Financial analysis should be carried out to determine the financial feasibility of City Gas
Distribution projects in the charge area and calculate network tariff and selling price of gas to the
various consumer categories like domestic, commercial, industrial and automobile consumers, in
line with the guidelines of PNGRB, its Acts & Regulations.
Financial Calculations shall include
a. Calculation of tariff for Feeder pipeline:
Tariff for Feeder Pipeline (including CGS) Calculations shall be submitted to the Engineer-In
Charge for vetting before the same is taken up for further analysis.
b. Calculation for overall City Gas Distribution Network (Downstream of CGS):
I .CGD network tariff and Compression charge for CNG
Network tariff means the weighted average unit rate of tariff in Rs./MMBTU for all
categories of customers of natural gas in a CGD network.
Compression charge for CNG means a charge in Rs./KG for online compression of natural
gas into CNG for subsequent dispensing to consumers in a CNG station.
This should be calculated using Discounted Cash Flow Methodology considering the reasonable
rate of return as the projects internal rate of return.
Discounted cash flow refers to equating the inflows from the projected revenue earnings out of
network tariff and compression charge for CNG with the outflows of CAPEX and OPEX over
the economic life of the project by discounting these flows at the reasonable rate of return.

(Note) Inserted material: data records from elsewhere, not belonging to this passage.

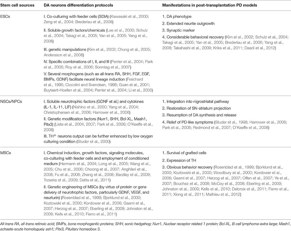 至于NSC,與ESC相比的一個(gè)潛在優(yōu)勢是,除了神經(jīng)譜系分化受限外,它們在移植后不易形成腫瘤和引起免疫排斥反應。然而,神經(jīng)干細胞顯示出一些缺點(diǎn),如有限的分化能力和來(lái)源、揮之不去的倫理問(wèn)題、帕金森癥狀的部分緩解。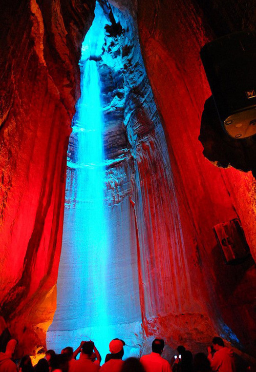 지하 340m 땅속 폭포 사진 속 폭포는 '루비 폴스(Ruby Falls)'로 폭포의 이름은 발견자의 부인에게 따온 것으로 전해졌다. 지하 340m 땅속 폭포는 수직으로 땅을 향해 떨어진다. 폭포 물줄기는 약 45m에 이른다.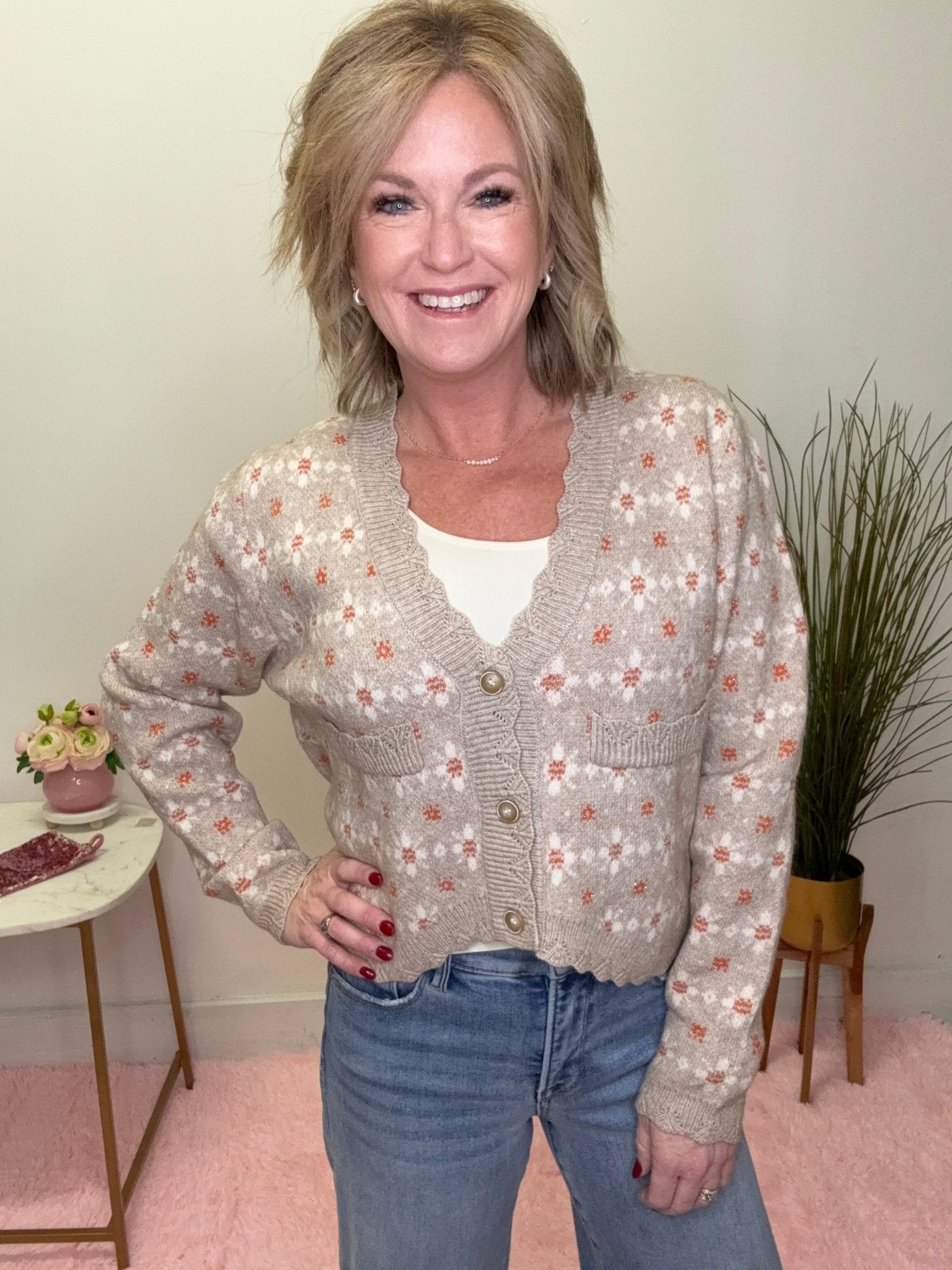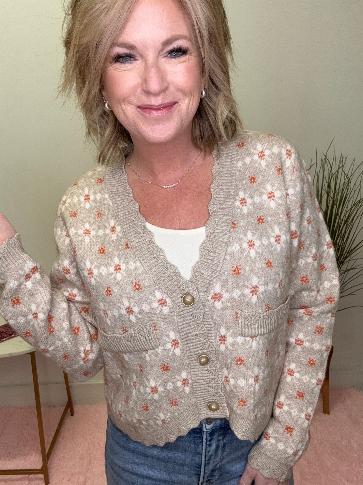 Soft, charming, and perfectly feminine — the First is Best Scalloped Cardigan Sweater is a cozy layering piece with the prettiest little details. From the delicate floral pattern to the scalloped trim, this cardigan feels vintage-inspired but totally wearable for everyday life.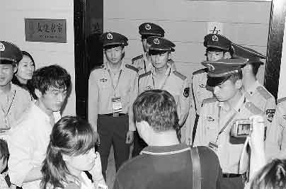 郭晶晶是否真的去找吳敏霞了?這個(gè)記者并不清楚,不過(guò)據(jù)記者了解吳敏霞不出席新聞發(fā)布會(huì)是因?yàn)楹ε卤弧罢`傷”。在郭晶晶第一次離開(kāi)新聞發(fā)布會(huì)現(xiàn)場(chǎng)時(shí),記者也跟了出去。吳敏霞當(dāng)時(shí)剛剛接受完央視的采訪正準(zhǔn)備走進(jìn)更衣室,但此時(shí)竟然有一位簽名的男FANS跟著吳敏霞走進(jìn)了更衣室,不過(guò)好在現(xiàn)場(chǎng)武警反應(yīng)迅速,將他“揪了”出來(lái)。見(jiàn)現(xiàn)場(chǎng)形勢(shì)已經(jīng)非常混亂,武警索性集體站在了女更衣室的門口,一位現(xiàn)場(chǎng)工作人員邊打著電話,邊嚷著“守好,誰(shuí)都不讓進(jìn)去”。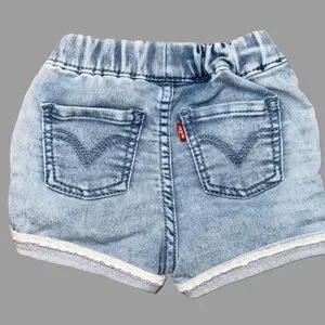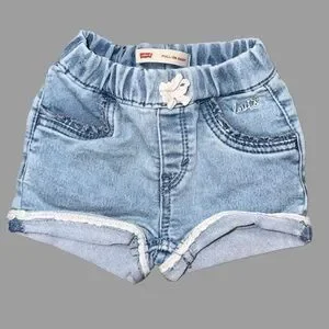 Charming Levi's denim shorts in sky blue. Features elastic waistband and lace detailing.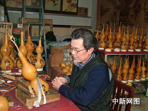 河北民間烙畫藝人烙繪“葫蘆福娃”迎奧運(圖)

The reasonable rate of return shall be the rate of return on capital employed equal to 14% post
tax considering the rate of return on long term risk free government security and the need to
incentivise investments in creation of CGD infrastructure.

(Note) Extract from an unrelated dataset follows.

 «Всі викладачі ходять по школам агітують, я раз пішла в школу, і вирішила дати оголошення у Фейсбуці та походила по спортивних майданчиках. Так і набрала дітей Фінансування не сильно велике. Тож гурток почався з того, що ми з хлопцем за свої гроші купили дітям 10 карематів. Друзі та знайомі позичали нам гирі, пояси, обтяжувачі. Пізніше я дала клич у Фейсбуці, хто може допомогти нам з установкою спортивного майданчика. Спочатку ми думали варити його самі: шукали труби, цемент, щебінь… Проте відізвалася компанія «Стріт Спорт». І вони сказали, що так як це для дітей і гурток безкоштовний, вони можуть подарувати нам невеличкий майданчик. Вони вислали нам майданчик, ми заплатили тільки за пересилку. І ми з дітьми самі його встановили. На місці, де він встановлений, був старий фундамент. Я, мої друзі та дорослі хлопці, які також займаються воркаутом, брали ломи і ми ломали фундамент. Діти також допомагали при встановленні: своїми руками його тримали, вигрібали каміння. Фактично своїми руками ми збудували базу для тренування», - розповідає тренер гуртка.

II. Prepare estimate of realistic capital and operating costs with detailed break-up and work
out financial viability of the project along with the different sensitivity scenarios. The capital
cost should be arrived for the material, machinery, equipment, SCADA etc. For CGD excluding
the cost of feeder pipeline and city gate station (CGS).
III. Net Present Value (NPV) and Internal Rate of Return (IRR) of the project
Net Present Value represents the difference between the present value of cash inflows and the
present value of cash outflows.
Internal Rate of Return shows a discount rate that makes the net present value (NPV) of all
cash flows from a particular project equal to zero.

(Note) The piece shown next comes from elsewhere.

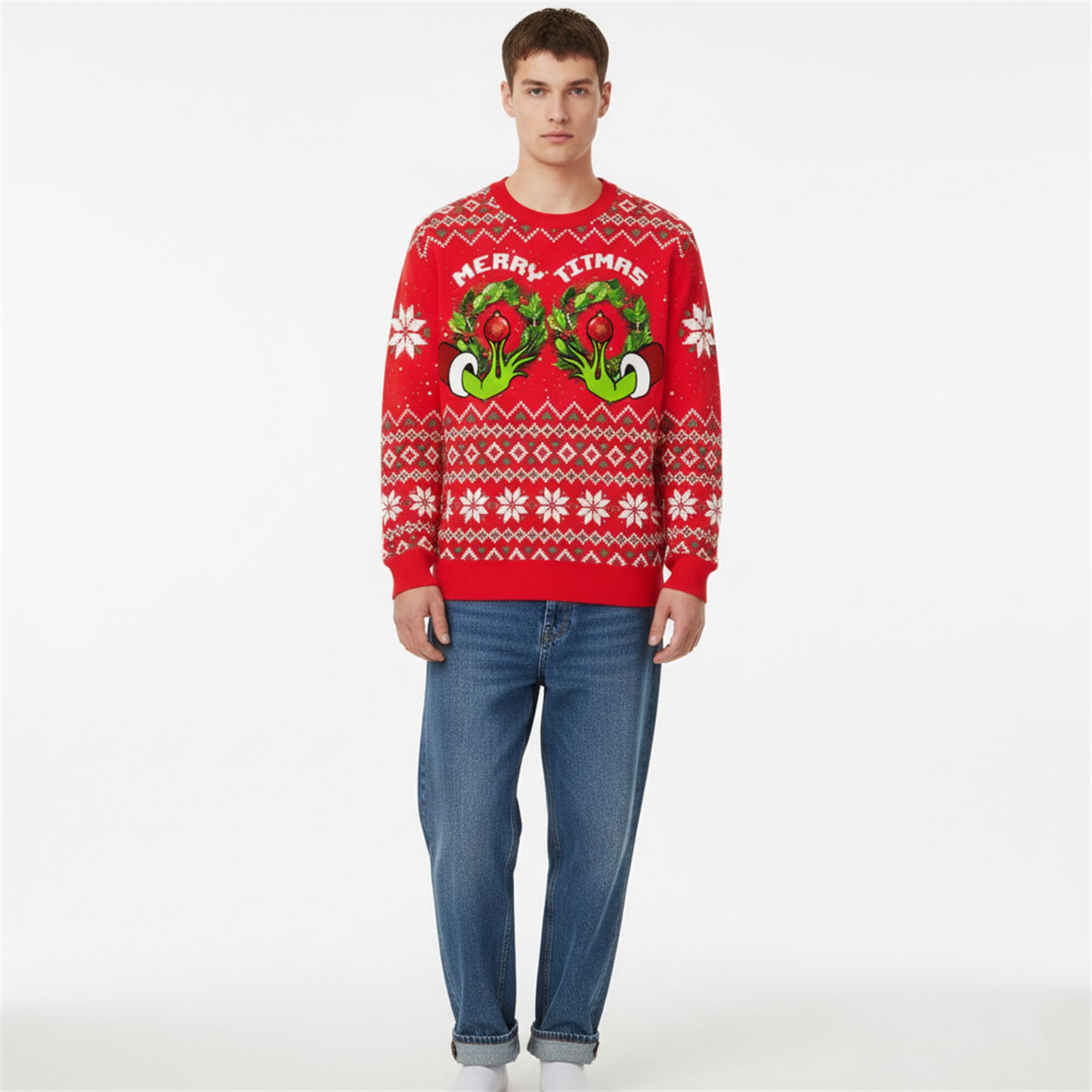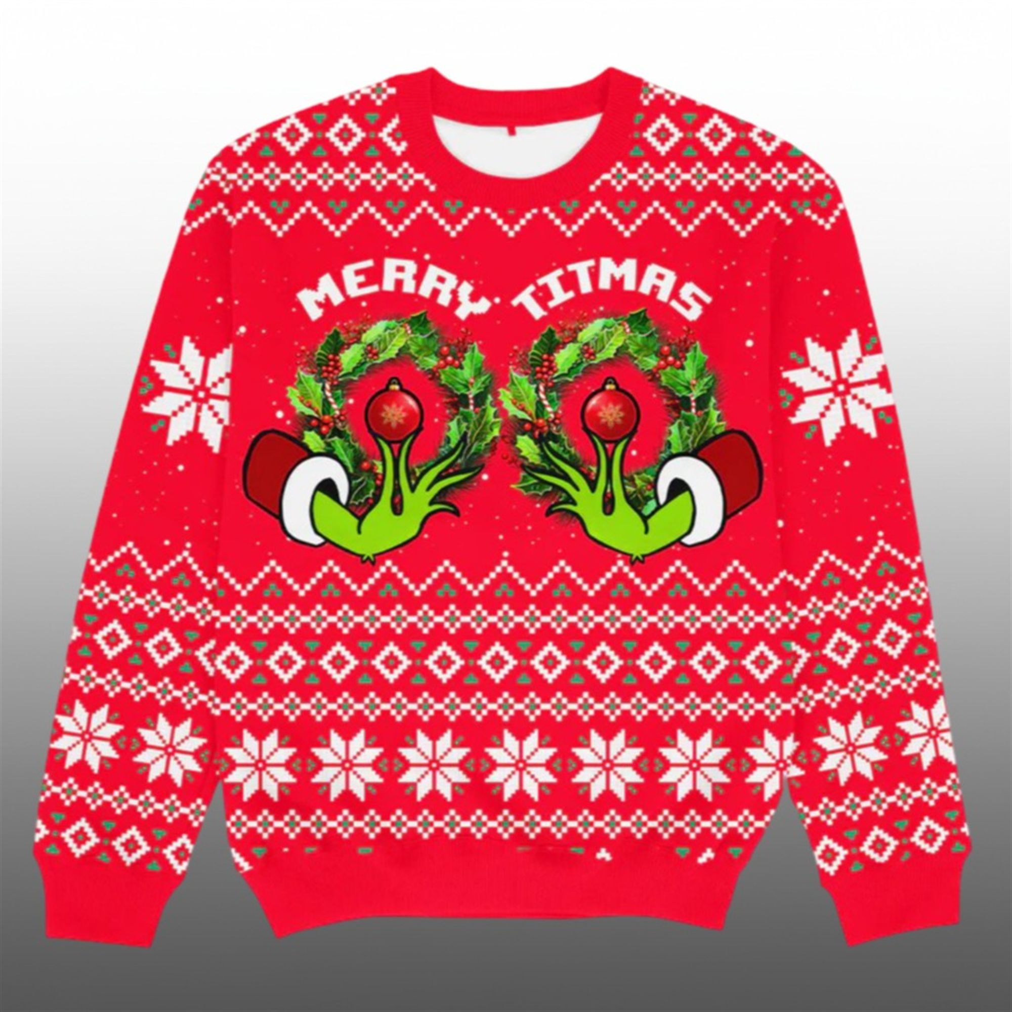 The design features a vibrant, blood-red backdrop adorned with classic white holiday stitching patterns, including pixelated snowflakes and diamonds. However, the centerpiece is what sets this garment apart. Two furry, lime-green hands—reminiscent of the famous holiday thief who tried to steal Christmas—are depicted reaching out from wreaths to hold two bright red baubles. Above this hilarious graphic, the text “MERRY TITMAS” is emblazoned in a bold, snowy font. It is a playful, risqué play on words that balances the line between naughty and nice perfectly.

IV. Estimated yearly Profit/Loss over the economic life of the project and yearly end balance
sheets.

V. Information related to the adoption of optimum financing pattern and dividend policy as well
as the estimated balance sheets, cash flows and working capital requirements.
VII. Marketing & Distribution expenses on unit basis
VII. Proposed Selling prices for CNG and PNG in all sectors.

Sensitivity Analysis:Sensitivity Analysis of the post-tax IRR on project and equity investments to variations in capital
cost, demand projections, operating cost parameters, project schedules, gas costs etc should be
carried out, in line with the guidelines of PNGRB, its Acts & Regulations.